Kafka Streams joins are an incredibly powerful tool for stateful stream processing, but the distinction between stream-stream and stream-table joins can be a major point of confusion.
Let’s look at a stream-stream join in action. Imagine we have two Kafka topics: user-clicks and user-page-views. Both topics have a user_id as the key and some event data as the value. We want to join these two streams to see which users clicked on which pages.
StreamsBuilder builder = new StreamsBuilder();
KStream<String, ClickEvent> clicks = builder.stream("user-clicks", Consumed.with(Serdes.String(), jsonSerde));
KStream<String, PageViewEvent> pageViews = builder.stream("user-page-views", Consumed.with(Serdes.String(), jsonSerde));
KStream<String, JoinedEvent> joinedStream = clicks.join(
pageViews,
(click, pageView) -> new JoinedEvent(click.getUserId(), click.getTimestamp(), pageView.getUrl(), pageView.getTimestamp()),
JoinWindows.ofTimeDifferenceAndGrace(Duration.ofMinutes(5), Duration.ofMinutes(1)), // Windowing
StreamJoined.with(Serdes.String(), jsonSerde, jsonSerde) // Serdes
);
joinedStream.to("user-activity-log", Produced.with(Serdes.String(), jsonSerde));
In this stream-stream join, clicks and pageViews are treated as infinite, unbounded streams. When a new event arrives on either stream, Kafka Streams looks for a matching event on the other stream within the defined JoinWindows. The JoinWindows specifies a time boundary within which matching events are considered. If a click event arrives at T1 and a page view event for the same user arrives at T2, and both T1 and T2 fall within the 5-minute window (plus a 1-minute grace period), they are joined. If a page view arrives at T3 but no corresponding click arrived within the window, it’s dropped.
Now, let’s consider a stream-table join. Here, we have our user-clicks stream and a user-profile table.

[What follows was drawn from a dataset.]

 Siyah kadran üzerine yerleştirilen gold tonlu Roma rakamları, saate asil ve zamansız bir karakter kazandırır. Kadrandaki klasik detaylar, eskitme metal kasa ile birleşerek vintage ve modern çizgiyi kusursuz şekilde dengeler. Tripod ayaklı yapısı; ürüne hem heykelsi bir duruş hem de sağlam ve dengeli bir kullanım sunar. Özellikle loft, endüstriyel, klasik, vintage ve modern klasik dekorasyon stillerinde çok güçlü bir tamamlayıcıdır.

This "table" is represented by a Kafka topic that acts as a changelog, where each key (e.g., user_id) has a current value (the profile), and updates overwrite previous values.

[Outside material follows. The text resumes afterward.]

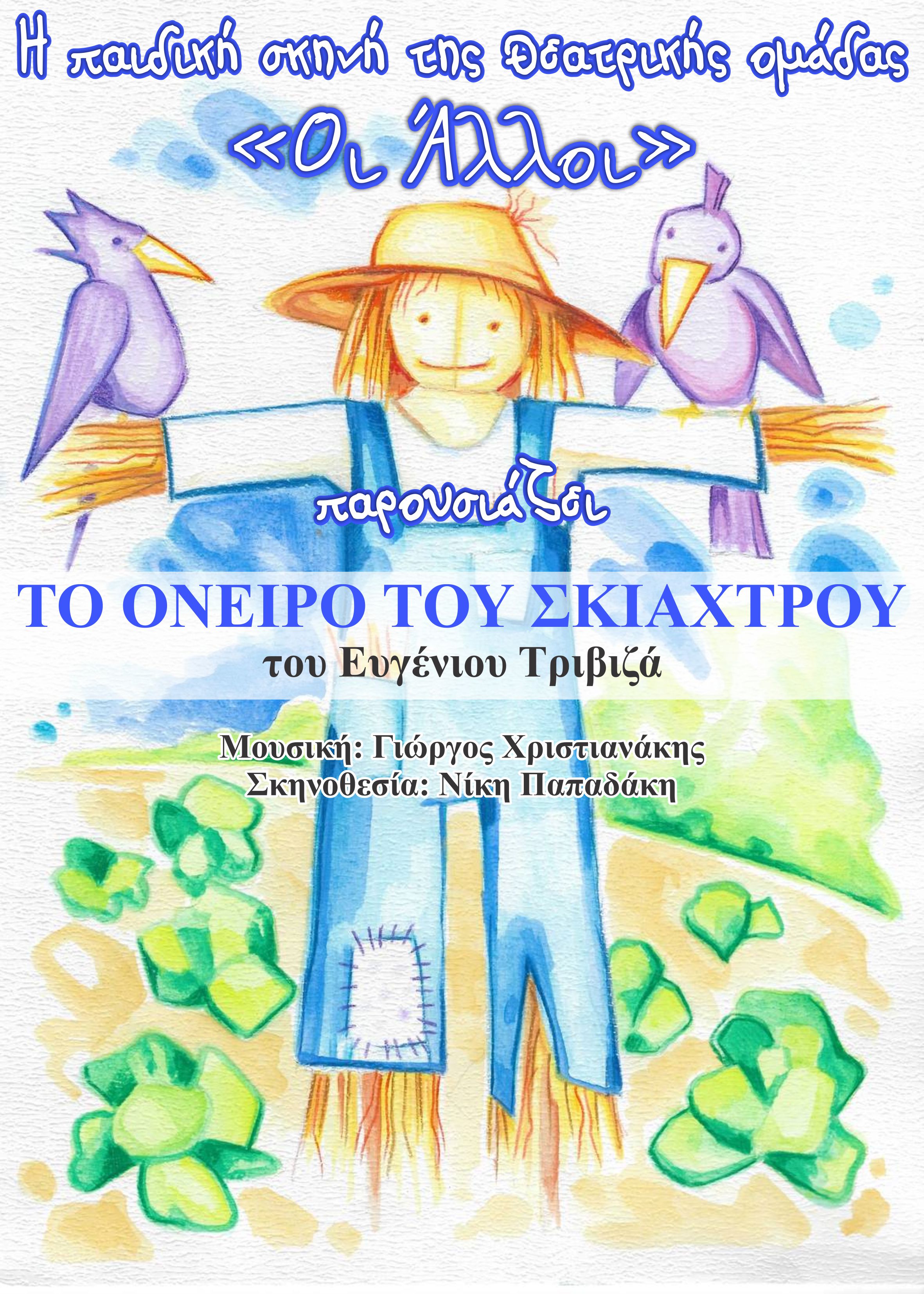Η παιδική σκηνή της θεατρικής ομάδας «ΟΙ ΑΛΛΟΙ» παρουσιάζει το έργο του Ευγένιου Τριβιζά «Το Όνειρο Του Σκιάχτρου» την Δευτέρα 1 Αυγούστου στο Ανοικτό Θέατρο «Πύλη Βηθλεέμ» στις 21:30.

StreamsBuilder builder = new StreamsBuilder();
KStream<String, ClickEvent> clicks = builder.stream("user-clicks", Consumed.with(Serdes.String(), jsonSerde));
KTable<String, UserProfile> userProfiles = builder.table("user-profiles", Consumed.with(Serdes.String(), jsonSerde));
KStream<String, ClickWithProfile> clicksWithProfile = clicks.leftJoin(
userProfiles,
(click) -> new ClickWithProfile(click.getUserId(), click.getTimestamp(), "Unknown"), // Value if profile not found
(click, profile) -> new ClickWithProfile(click.getUserId(), click.getTimestamp(), profile.getCountry())
);
clicksWithProfile.to("user-clicks-enriched", Produced.with(Serdes.String(), jsonSerde));
In a stream-table join, the stream (clicks) is processed event by event. When a click event arrives, Kafka Streams looks up the current state of the corresponding key in the userProfiles table. The table is essentially a materialized view of the latest values for each key. If a user profile exists for that user_id, the click event is joined with the current profile. If the profile is updated later, that update doesn’t retroactively affect past join operations. The join happens based on the state of the table at the time the stream event is processed. This is why it’s often called a "lookup" join.
The most surprising true thing about Kafka Streams joins is that they don’t actually "join" data in the traditional database sense of waiting for all related records to arrive. Instead, they are time-bound or state-dependent operations that produce new events based on what’s available now or within a specific window.
The core problem Kafka Streams joins solve is enriching or correlating data from different sources in a continuous, real-time fashion. Instead of batching data to a data warehouse and performing joins there, you can do it as events flow through Kafka.
Internally, Kafka Streams uses RocksDB (by default) to maintain the state required for joins. For stream-stream joins, it maintains windows of incoming events. For stream-table joins, it maintains the latest version of each record in the table. The JoinWindows in stream-stream joins define how long events remain eligible for joining. For stream-table joins, the "window" is effectively the current state of the table.
A critical, often overlooked, aspect of stream-table joins is how updates to the table are handled. When a KTable record is updated, it’s treated as a new, complete record for that key. The join operation then processes the stream event against this new version of the table record. This means if you have a click event that arrives after a user profile update, it will be joined with the updated profile, not the old one. However, if the click event arrived before the profile update, it will be joined with the old profile, and that join result is final for that click event.
The next concept you’ll likely encounter is handling different join semantics, such as outer joins (left, right, and full), and understanding how they interact with windowing and table updates.